А люди исчезали - по грехам их. В толпе неожиданно возникала пустота,
кто-то, опиравшийся на кого-то, чувствовал, что поддержка пропала, и
вскрикивал, и люди подхватывали крик, и сдвигались еще теснее, и голос
священника вздрагивал, но служба продолжалась, пока вдруг не упала тишина,
и прихожане увидели, что нет больше никого на амвоне, подались назад, и
возопили, и бросились вон, потому что ясно стало, что никакого спасения от
Бога ждать не приходится, но в дверях поместиться враз могли не более
четырех человек, сзади давили, и упасть было невозможно, а можно было
только умереть стоя. Что и случилось со многими, чья очередь - по грехам
их - еще не настала.
Это был мой храм, и люди приходили сюда, чтобы найти спасение или
утешение, и я ничем не помог им.

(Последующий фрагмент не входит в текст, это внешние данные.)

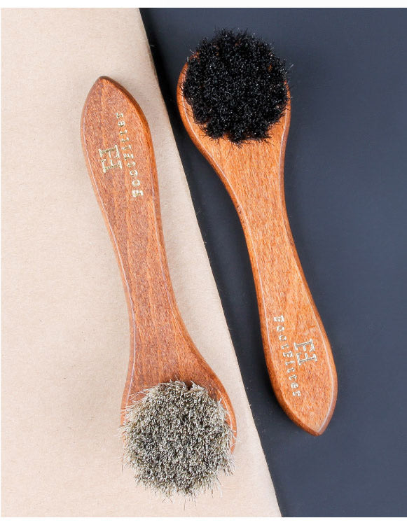 This luxurious shoe polish applicator brush is made of 100% genuine horsehair bristles that easily reach the seams and perforations that a cotton cloth is just unable to reach. Shoes that feature Brogueing or are highly-structured especially require the ability that only a quality shoe shine dauber can provide.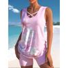 Damski strój kąpielowy dwuczęściowy z rozcięciem, strój kąpielowy z wysokim stanem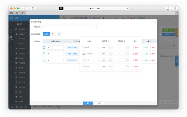 根據公司的銷售模式,設置每個階段的流程節點以及處理人員。流程可以設置適用范圍,設置之后,只有范圍內的員工可以使用該流程。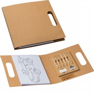 Artikel-Nr: MCM5049301Malbuchmappe in recyceltem Einband, Malblock (30 Blatt, 10 Motive á 3 Stück), Tragegriff, Spitzer, Radiergummi und Buntstifte in 6 verschiedenen Farben. Ihre Werbung wird auf den Einband gedruckt.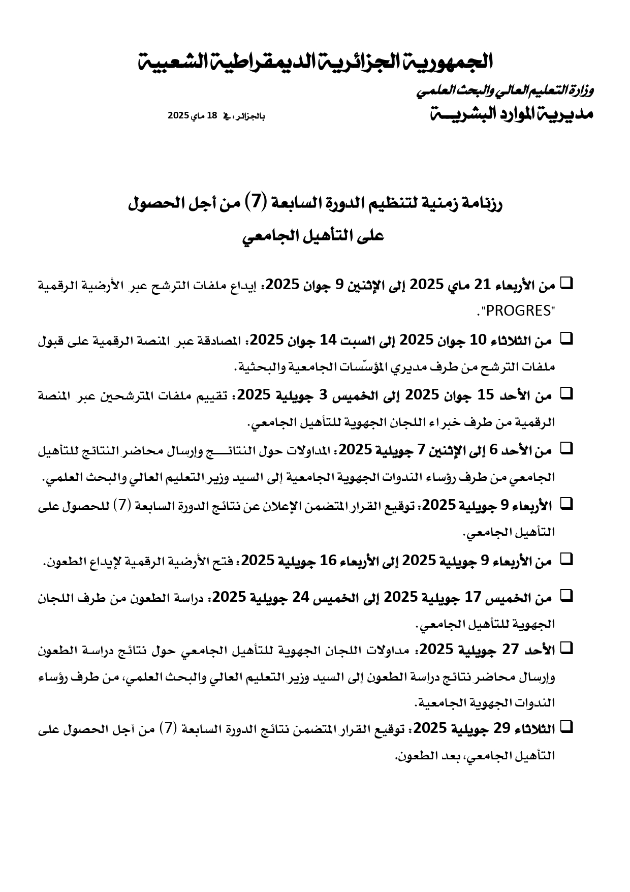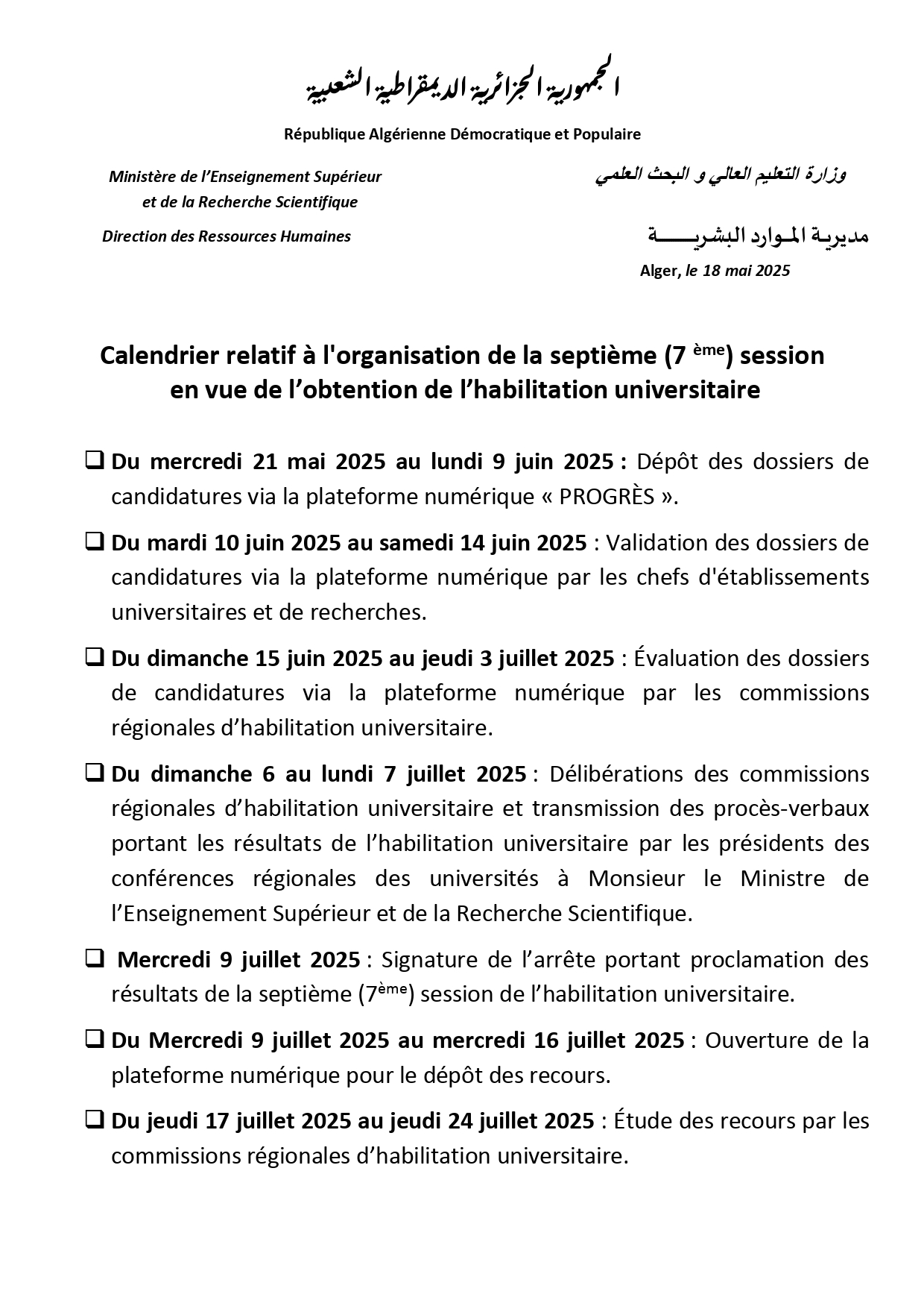 Candidatures au titre de l’année 2025 pour l’accès au grade de Maître de Conférences Classe “A” – 7ᵉ session de l’Habilitation Universitaire

Я мог, я чувствовал, что могу, понимал,
что уже могу, знал, что сила моя растет, но я не сделал ничего, я только
хотел, чтобы Лина не видела этого, я пытался отвернуть глаза ее, но она
глядела широко раскрытыми глазами души и не проклинала меня только потому,
что еще не до конца верила. Происходившее было для нее новым видом
стихийного бедствия, а стихия всегда уносит и невинных - чаще именно
невинных.
- Ты можешь сделать что-нибудь? - сказала она с тихим отчаянием. -
Что же ты опять ничего не делаешь?
Я покачал головой, и мы вернулись в мою московскую квартиру.
- А я? - спросила Лина. - Я тоже исчезну? И ты? Ты - человек?
- Мы будем, Лина. В сути нашей.
- И мама? И Ирка? - голос ее почти не был слышен. Она только сейчас
поняла, что дорога к Истоку пройдет и через всех наших близких, и их не
станет в одночасье.
- Ты ненавидишь людей... Нет, я не то говорю... Я знаю тебя, ты не...
Но ведь в Библии сказано, что никогда, никогда Господь не станет убивать
своих созданий!
В Библии много чего было сказано. Как до того - в Торе. Я не диктовал
Моше Книгу от корки до корки, почти вся она - плод мучительных раздумий
человека о жизни. И то, что Бог не уничтожит созданного, - придумано
людьми, понимавшими: может ведь придти и такой час.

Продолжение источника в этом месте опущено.